"Bank infrastruktur itu opsi yang bisa dikaji, tapi kita juga bisa mendorong pembiayaan dalam bentuk lain seperti penerbitan obligasi yang sifatnya jangka panjang, termasuk PINA atau pembiayaan investasi non-anggaran pemerintah yang memanfaatkan dana jangka panjang seperti asuransi dan dana pensiun," ujar Lukita usai menjadi pembicara kunci di acara Meeting Asias Infrastructure Needs di Jakarta, Selasa.
Lukita menuturkan untuk membiayai pembangunan infrastruktur memang tidak bisa hanya mengandalkan dana jangka pendek dari perbankan karena secara karakteristik pembiayaan tidak cocok dengan infrastruktur yang sifatnya jangka panjang.
"Asuransi dan dana pensiun itu salah satu opsi yang bisa digunakan, termasuk dana haji dalam bentuk sukuk. Jadi tidak harus selalu bank infrastruktur, tapi itu opsi yang bisa kita kaji lebih jauh," katanya.

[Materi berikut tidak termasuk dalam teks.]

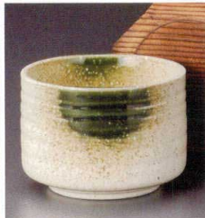
63915-511 粉引グリーン吹蓋付飯器 1,760円 (12.3×11.4×9cm)

Pembentukan bank infrastruktur mendapatkan dukungan penuh saat Menteri Keuangan masih dijabat oleh Bambang Brodjonegoro.
PT Sarana Multi Infrastruktur (SMI) dan Pusat Investasi Pemerintah (PIP) sebelumnya digadang-gadang menjadi bank infrastruktur namun hingga kini masih belum mendapat persetujuan Menteri Keuangan Sri Mulyani Indrawati. Sri Mulyani disebut masih mempelajari rencana pembentukan bank infrastruktur tersebut.
Bank infrastruktur sendiri dianggap akan mempermudah dalam mencari pendanaan untuk pembangunan infrastruktur. Bank Infrastruktur dapat menerbitkan obligasi dalam jumlah besar apabila membutuhkan modal, layaknya Bank Dunia (World Bank) atau Bank Pembangunan Asia (ADB) yang bisa menerbitkan obligasi untuk membiayai proyeknya.